An anonymous contributor, The23rd Raccoon, sent a few days a go a very insightful post to the or-dev lists entitled “How I Learned to Stop Ph34ring NSA and Love the Base Rate Fallacy“. The key point is that tracing anonymous communications is an identification exercise: the adversary has to detect the single correct target amongst the noise of incorrect identities. Therefore reporting simply false positives and false negative rates is misleading, since even moderate false positives will lead to the vast majority of positives being misclassifications.
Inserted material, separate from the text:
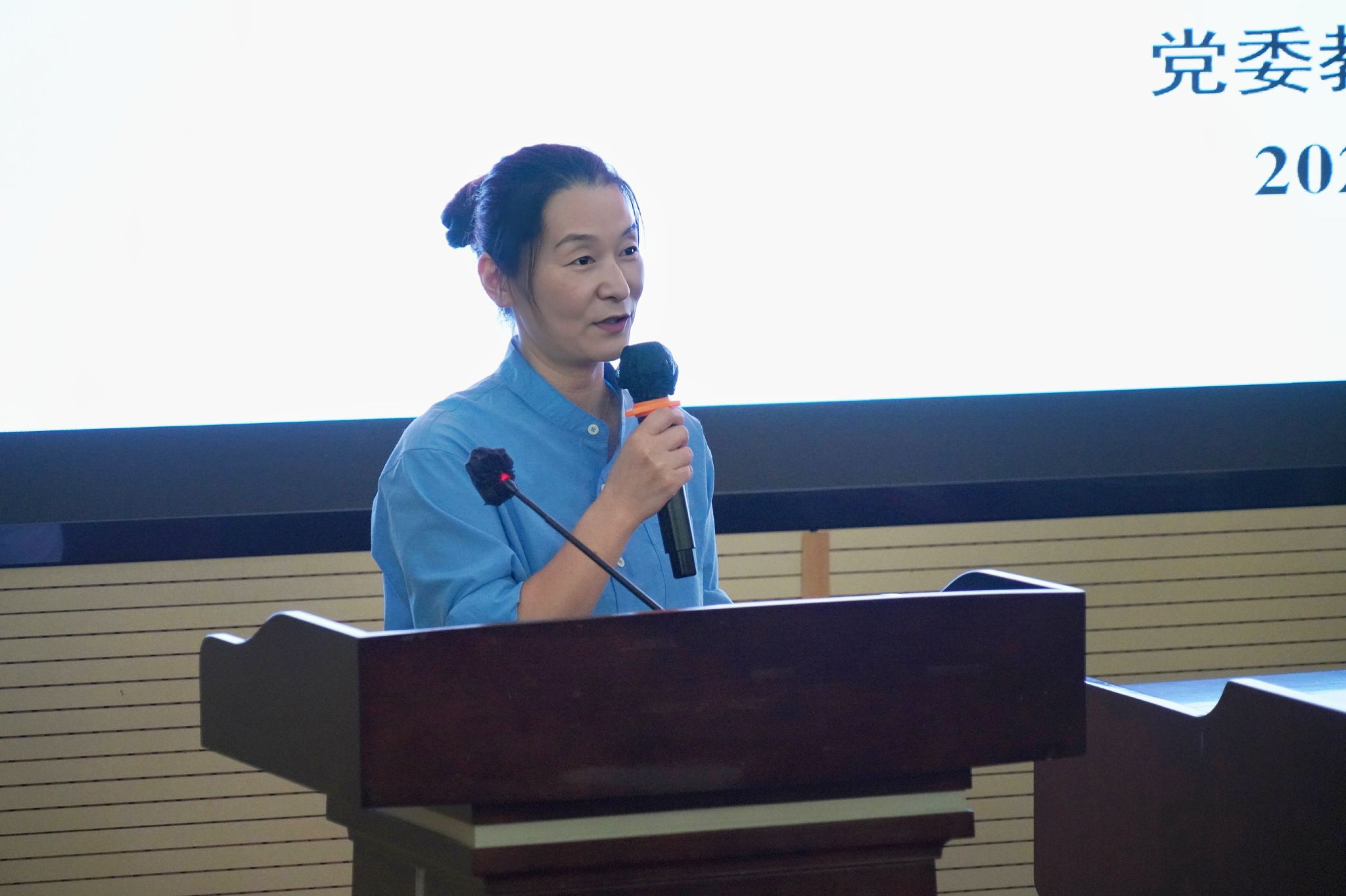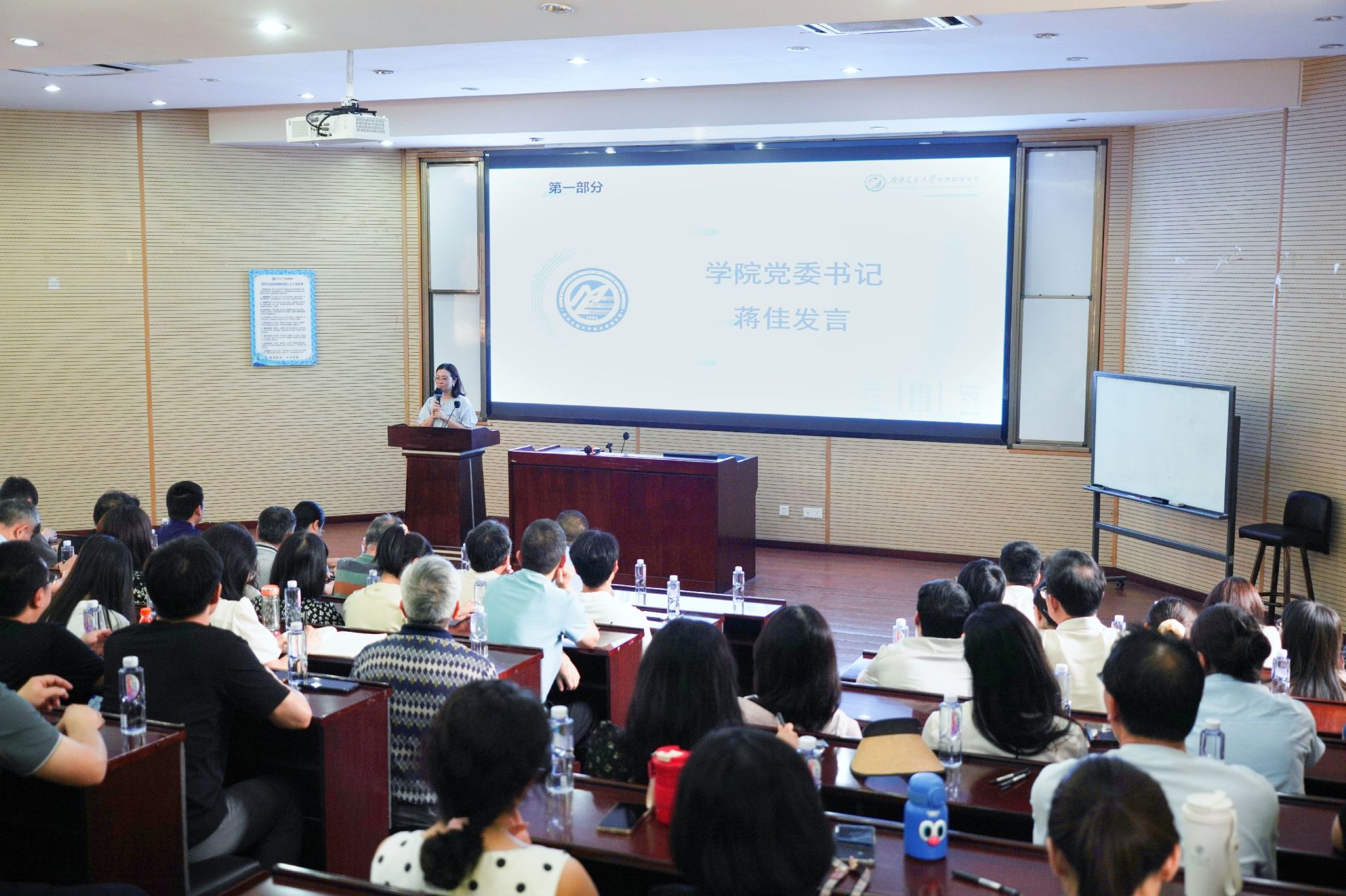 学院党委书记蒋佳发言。蒋佳回顾了自身在教育教学与党建工作中的实践经历,对学院全体教职工的信任与支持表示感谢。蒋佳指出,太阳集团tcy8722全体教职工在基层党建、服务师生、学科研究、人才培养等方面做出了突出贡献,愿同全院教职工共同携手,共同书写太阳集团tcy8722高质量发展的新篇章。

This is a very cool observation and leads amongst others to the conclusions that low-latency anonymity is not dead:

“[…] Second, it gives us a small glimmer of hope that maybe all is not lost against IX, National, or ISP level adversaries. Especially those with only sampled or connection-level resolution, where fine-grained details on inter-packet timings is not available (as will likely be the case with EU data retention).”

 

This post is of great interest because it re-opens the problem of high-precision traffic analysis, with a clearly understood and precisely known error rate. Current techniques, mostly based on heuristics, are not capable to deliver such detectors, with high reliability guarantees attached to them.

 

At the same time the The23rd Raccoon’s analysis overlooks one issue: many detectors do not simply perform matching of streams on a pair by pair basis, but as a whole. This means that the “best match” is selected according to some ranking metric. The mathematical analysis that has to then be presented to support the technique is the probability any non-match is selected over the correct match. Many papers in the literature provide implicitly such results (some based on the rank of the result, others based on selecting the best match and providing the total probability of error based on the selection.) Approaches that provide overall performance metrics should avoid the pitfalls of presenting “intermediate” false positive / false negative probabilities, and give an intuitive understanding of how well traffic analysis techniques work on a full body of streams or message traces.